2. Maths Pythagoras Theorem
Most people who have done maths in high school, would have heard of Pythagoras theorem.
This is used to work out the unknown side of a triangle, if you know the other 2 sides.
Here you can see the sides, A, B and C.
Now Pythagoras theorem states that A^2 + B^2 = C^2
So if you know any two sides, you add them in, rearrange the formula if needed, and then you can solve for the unkown sides.
So how would you use this in a game? What about collision detection? Using this you can find quite easily in a 2 dimensional plane when 2 points will meet.
They will meet when A^2 + B^2 = 0
Quite simple really, you take the position of A and B on the X axis and do the equation, then if it comes up with an answer of 0, you then take the position of A and B on the Y axis, then if that also comes to 0, they must be colliding.
So to put that in other words, we are finding the distance 🙂 If the distance is nothing, then they are located in the same position.
Not sure if that is right, sounds right from my position, although it is 1:18 am.
If you have any questions, please email me at firstname.lastname@example.org
That is exactly true, A^2 + B^2 will only equal 0 if A and B is 0.
While the formula you have given is the true formula for working out the distance between two points, look at what it is actually doing. I will look at 2D space:
Now if we have a collision when the result is 0, if we apply some basic maths to the distance formula, we can remove the sqrt:
0 = sqrt((x2-x1)^2 + (y2-y1)^2)
0^2 = sqrt((x2 – x1)^2 + (y2 – y1)^2)^2
0 = (x2 – x1)^2 + (y2 – y1)^2
And now look at what x2-x1 and y2-y1 do. They give us the length of the line segments A and B.

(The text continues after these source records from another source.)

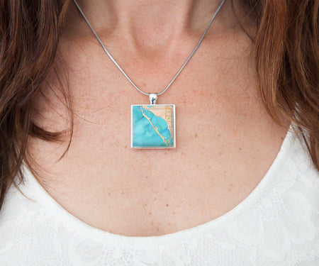 Longboat Key Watercolor Rectangle Necklace | Beach jewelry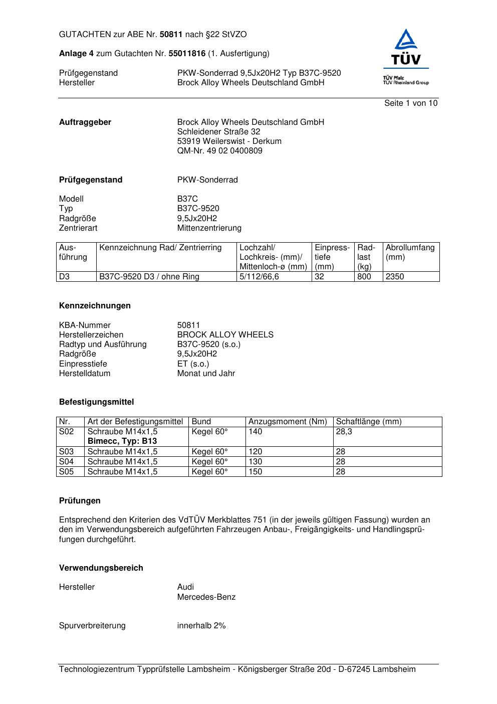 Dieses Gutachten (abe) bezieht sich auf die Alufelge Brock B37C-952 0 in der Ausführung 9.5Jx2 ET 0, Mittenloch 0 mm (KBA 50811). Im PDF findest du typischerweise zulässige Reifengrößen, Auflagen/Anbauhinweise und – je nach Dokument – Hinweise zur Eintragung.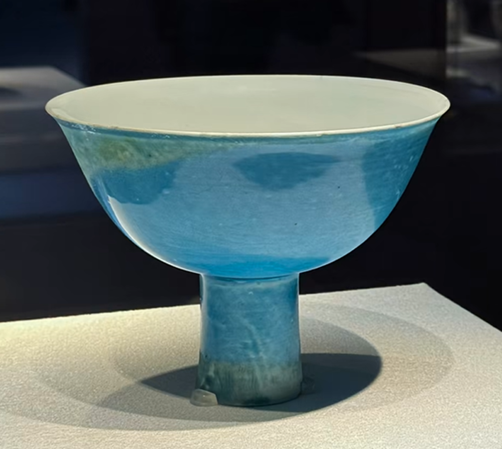 比如这件,非常漂亮的孔雀蓝釉的高足杯,从器型和釉色来看,很像明代正德早期的作品。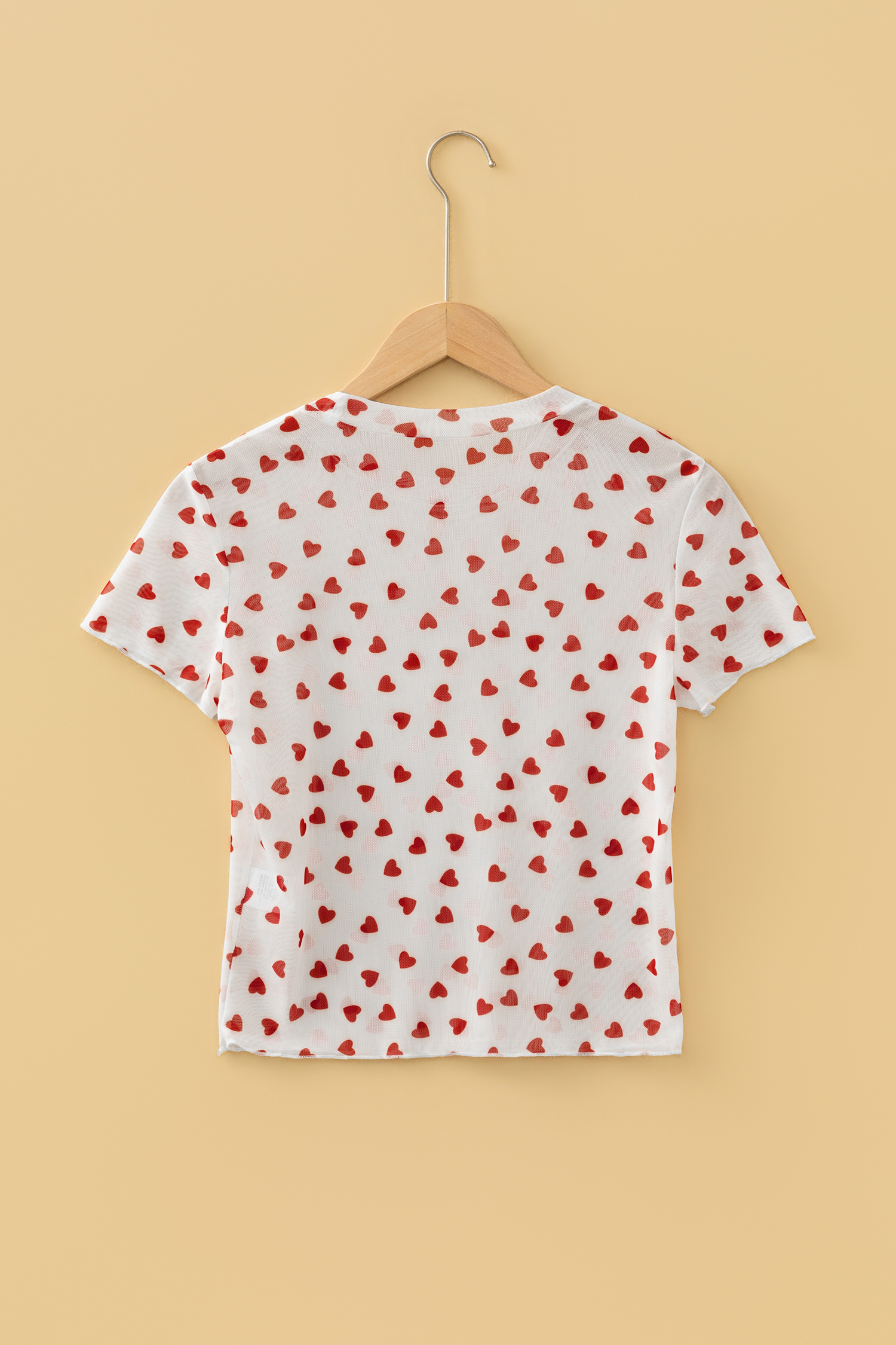 Haut à manches courtes en maille à imprimé cœur rouge intégral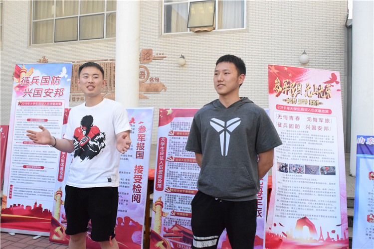 活动伊始,会计系的两位退伍学生王家龙同学和张镱瀛同学,讲解了征兵的相关优惠政策,并结合自己在部队的亲身经历,充分调动同学们报名应征的积极性。同时对同学们感兴趣检工作进行了详细的解答。最后,同学们有序地排队在横幅上签字。18审计二班张旭同学表示:“很感谢两位学长能跟我们分享自己的军营生活,为我们解答疑惑,我们作为青少年,就应该为祖国发展做贡献,增强国家队伍力量,同时参军也是自己人生中的宝贵财富,我想大家肯定都会积极参与。”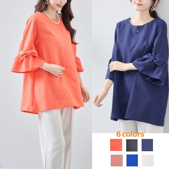 チュニック 袖リボン付き ブラウス C01-422 フリー M L TRUBE 大人可愛い ミセス fmsd キレイメ アパレル 女性 デイリーファッション 普段着 おしゃれ着 レディース 30代 40代 50代 60代 洋服 婦人服 可愛い服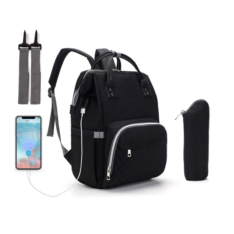 -The diaper bag is with stroller straps in order that you can hang it up the handle of the stroller.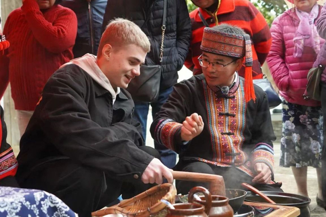 恭城油茶展位人头攒动,浓浓的恭城油茶香气弥漫在空气中,吸引了众多领导嘉宾和国内外游客驻足品尝。恭城油茶非遗代表性传承人现场展示传统技艺,木槌击打出的“千年传承”与翻腾的油茶交织出热气腾腾的“人间烟火”,并向游客们介绍恭城土特产和特色小吃等,在现场销售当地特色美食,推介民俗文化,让来自世界各地游客了解恭城,走进恭城。

x2 – x1 = A and y2 – y1 = B
0 = (A)^2 + (B)^2
0 = A^2 + B^2
Therefore we have a collision. Both this shorthand version and the full version of the distance formula are the same thing.
Hope this helps clarify 🙂
I don’t understand how can you use this for calculating distance. The only time A^2 + B^2 would be 0 is when A and B is 0. The proper formula for calculating distance between 2 point is:
sqrt( (x2-x1)^2 + (y2-y1)^2 + (z2-z1)^2 )
What if A = 1 and B = i ???
Then I would have to ask why are you using imaginary numbers as lengths?